**Problem**:
Pictures are to be left out. Return exactly the lines below from the one with "Примечание. При равенстве" up to and including the one with "Con este kit".

**Entries provided**:
──────

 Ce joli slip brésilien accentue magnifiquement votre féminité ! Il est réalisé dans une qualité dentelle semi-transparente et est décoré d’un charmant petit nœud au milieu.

──────

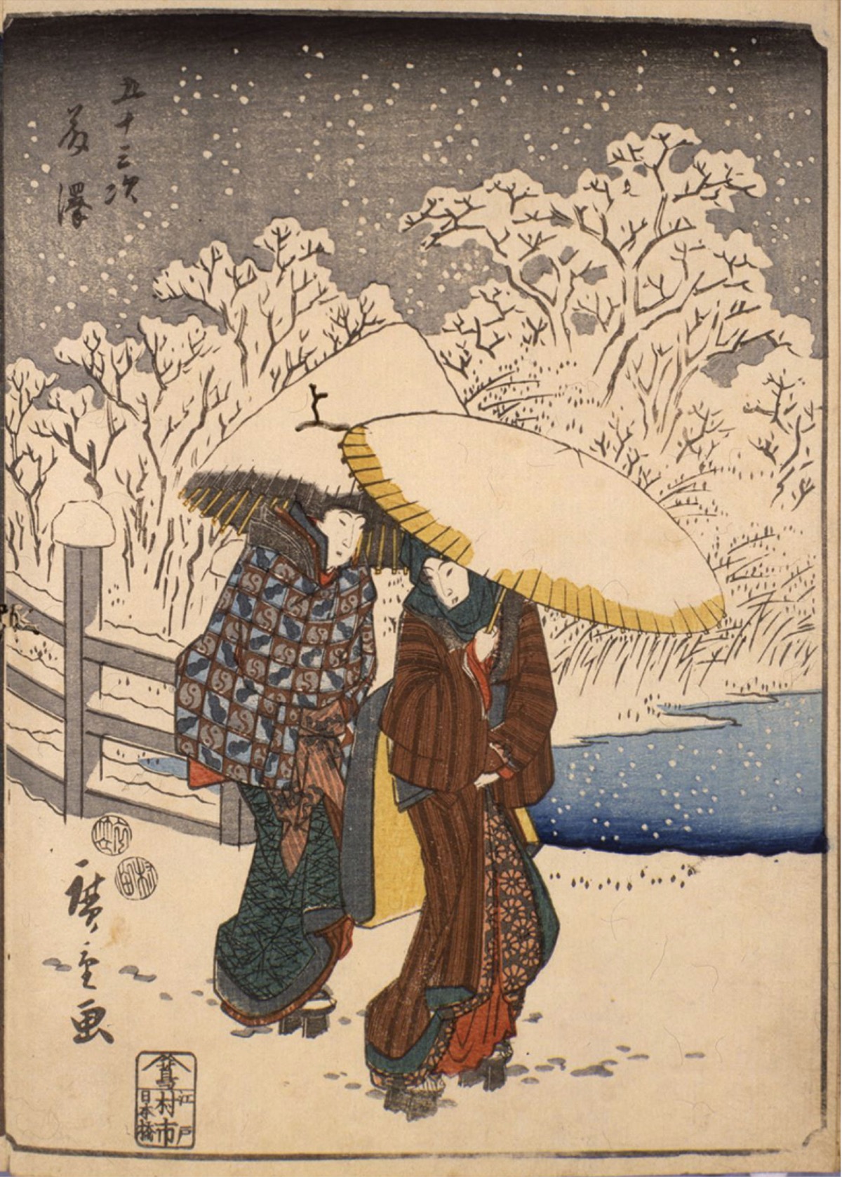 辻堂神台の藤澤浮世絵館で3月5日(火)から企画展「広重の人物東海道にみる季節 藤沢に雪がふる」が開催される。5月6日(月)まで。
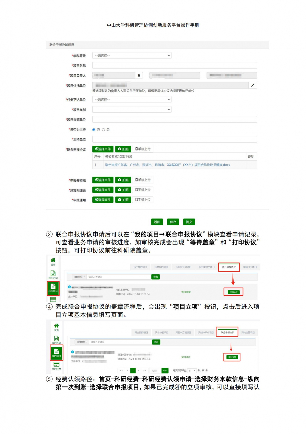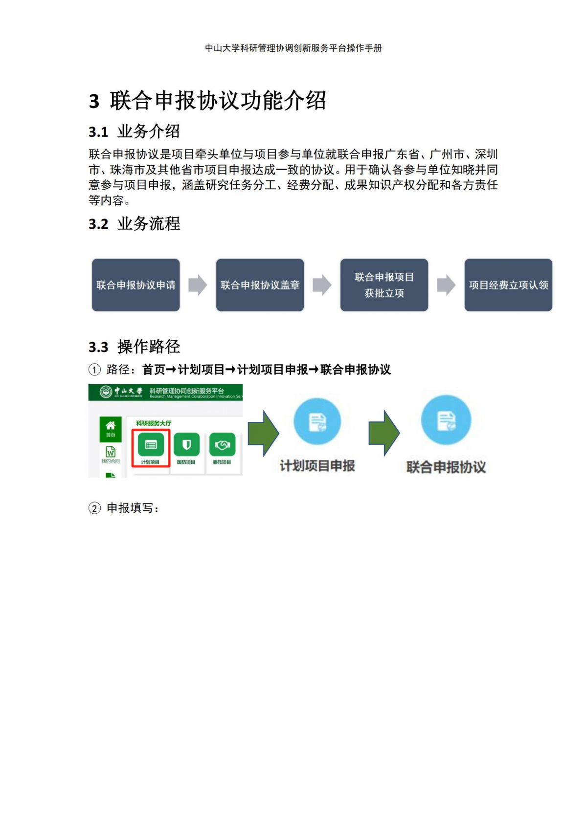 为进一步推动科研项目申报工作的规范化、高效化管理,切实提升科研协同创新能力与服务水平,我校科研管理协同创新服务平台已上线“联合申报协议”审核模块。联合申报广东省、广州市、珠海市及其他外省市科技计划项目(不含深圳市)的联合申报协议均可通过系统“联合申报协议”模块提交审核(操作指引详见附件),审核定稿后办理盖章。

──────

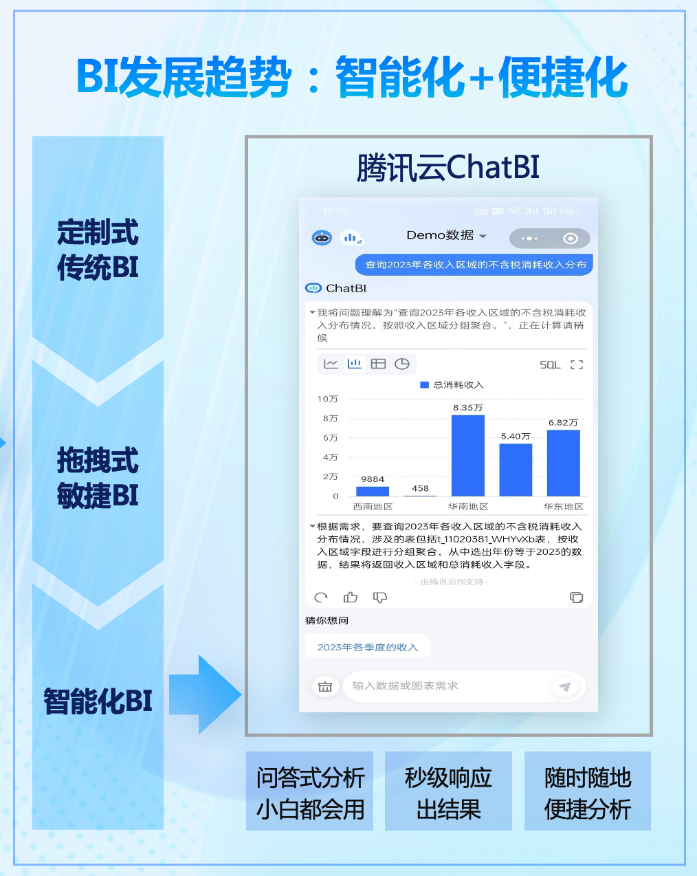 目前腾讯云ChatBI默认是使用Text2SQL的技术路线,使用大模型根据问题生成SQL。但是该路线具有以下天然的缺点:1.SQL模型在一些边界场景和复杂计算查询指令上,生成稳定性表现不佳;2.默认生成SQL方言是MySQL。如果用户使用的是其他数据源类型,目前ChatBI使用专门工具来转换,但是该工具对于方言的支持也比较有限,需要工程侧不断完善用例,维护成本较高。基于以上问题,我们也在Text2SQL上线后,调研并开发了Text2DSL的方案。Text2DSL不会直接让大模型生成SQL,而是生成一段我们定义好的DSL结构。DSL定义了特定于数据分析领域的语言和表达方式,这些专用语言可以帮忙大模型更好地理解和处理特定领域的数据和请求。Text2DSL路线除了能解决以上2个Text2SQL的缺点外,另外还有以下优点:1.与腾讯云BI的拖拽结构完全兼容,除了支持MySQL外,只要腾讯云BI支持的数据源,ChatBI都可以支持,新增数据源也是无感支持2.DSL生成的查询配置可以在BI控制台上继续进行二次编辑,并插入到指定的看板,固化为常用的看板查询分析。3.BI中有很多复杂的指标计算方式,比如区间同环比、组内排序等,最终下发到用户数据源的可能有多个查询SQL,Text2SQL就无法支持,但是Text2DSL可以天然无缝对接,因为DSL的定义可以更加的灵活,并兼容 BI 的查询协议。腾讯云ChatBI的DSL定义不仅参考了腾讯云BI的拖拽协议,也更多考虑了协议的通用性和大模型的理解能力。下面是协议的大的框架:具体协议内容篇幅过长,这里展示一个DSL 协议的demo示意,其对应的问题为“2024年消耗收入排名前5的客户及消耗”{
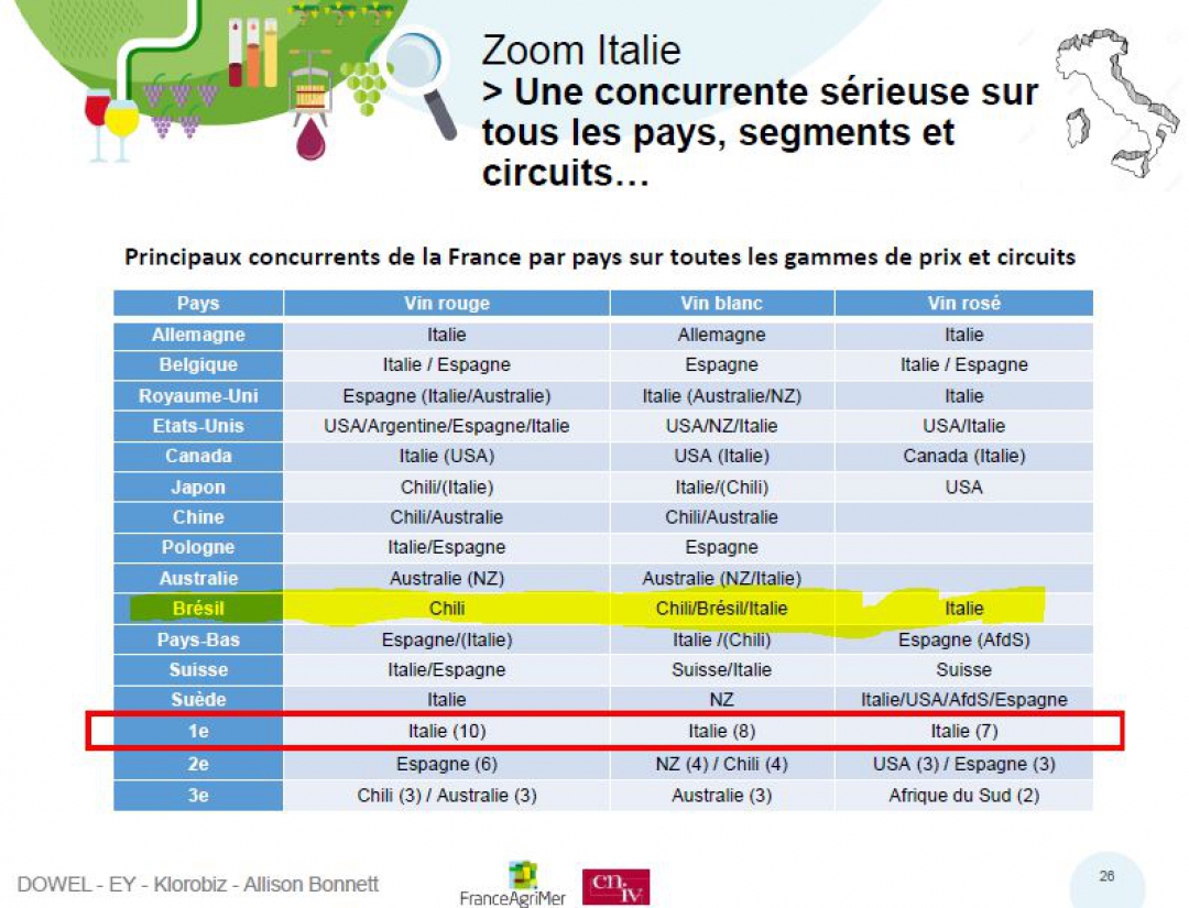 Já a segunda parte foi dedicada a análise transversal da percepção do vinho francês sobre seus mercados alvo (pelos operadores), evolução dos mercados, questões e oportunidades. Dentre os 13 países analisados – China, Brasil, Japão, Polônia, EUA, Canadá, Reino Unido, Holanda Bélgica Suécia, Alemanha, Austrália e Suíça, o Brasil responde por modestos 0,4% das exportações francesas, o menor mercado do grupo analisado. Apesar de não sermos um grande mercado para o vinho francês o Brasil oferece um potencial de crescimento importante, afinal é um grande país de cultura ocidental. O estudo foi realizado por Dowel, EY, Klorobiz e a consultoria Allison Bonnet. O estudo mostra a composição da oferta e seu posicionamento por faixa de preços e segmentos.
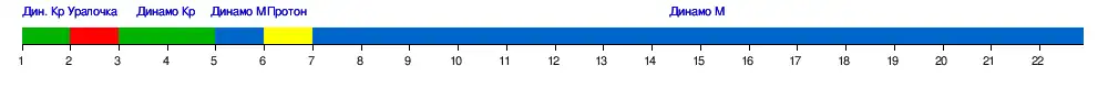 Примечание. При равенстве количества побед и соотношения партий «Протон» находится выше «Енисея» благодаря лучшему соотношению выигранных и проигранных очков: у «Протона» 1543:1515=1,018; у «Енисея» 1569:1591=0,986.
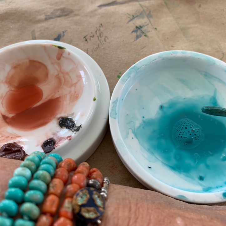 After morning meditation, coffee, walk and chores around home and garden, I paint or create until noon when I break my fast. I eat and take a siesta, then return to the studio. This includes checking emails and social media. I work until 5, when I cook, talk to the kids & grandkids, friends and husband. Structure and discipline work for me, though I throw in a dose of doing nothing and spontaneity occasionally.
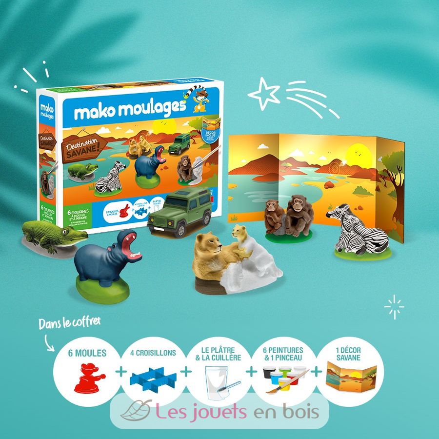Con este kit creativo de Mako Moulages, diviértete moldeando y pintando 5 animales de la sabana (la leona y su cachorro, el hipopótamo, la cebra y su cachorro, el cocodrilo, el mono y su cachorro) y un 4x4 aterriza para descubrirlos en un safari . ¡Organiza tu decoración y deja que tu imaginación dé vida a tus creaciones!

──────

**Exercise response**:
 Примечание. При равенстве количества побед и соотношения партий «Протон» находится выше «Енисея» благодаря лучшему соотношению выигранных и проигранных очков: у «Протона» 1543:1515=1,018; у «Енисея» 1569:1591=0,986.
 After morning meditation, coffee, walk and chores around home and garden, I paint or create until noon when I break my fast. I eat and take a siesta, then return to the studio. This includes checking emails and social media. I work until 5, when I cook, talk to the kids & grandkids, friends and husband. Structure and discipline work for me, though I throw in a dose of doing nothing and spontaneity occasionally.
Con este kit creativo de Mako Moulages, diviértete moldeando y pintando 5 animales de la sabana (la leona y su cachorro, el hipopótamo, la cebra y su cachorro, el cocodrilo, el mono y su cachorro) y un 4x4 aterriza para descubrirlos en un safari . ¡Organiza tu decoración y deja que tu imaginación dé vida a tus creaciones!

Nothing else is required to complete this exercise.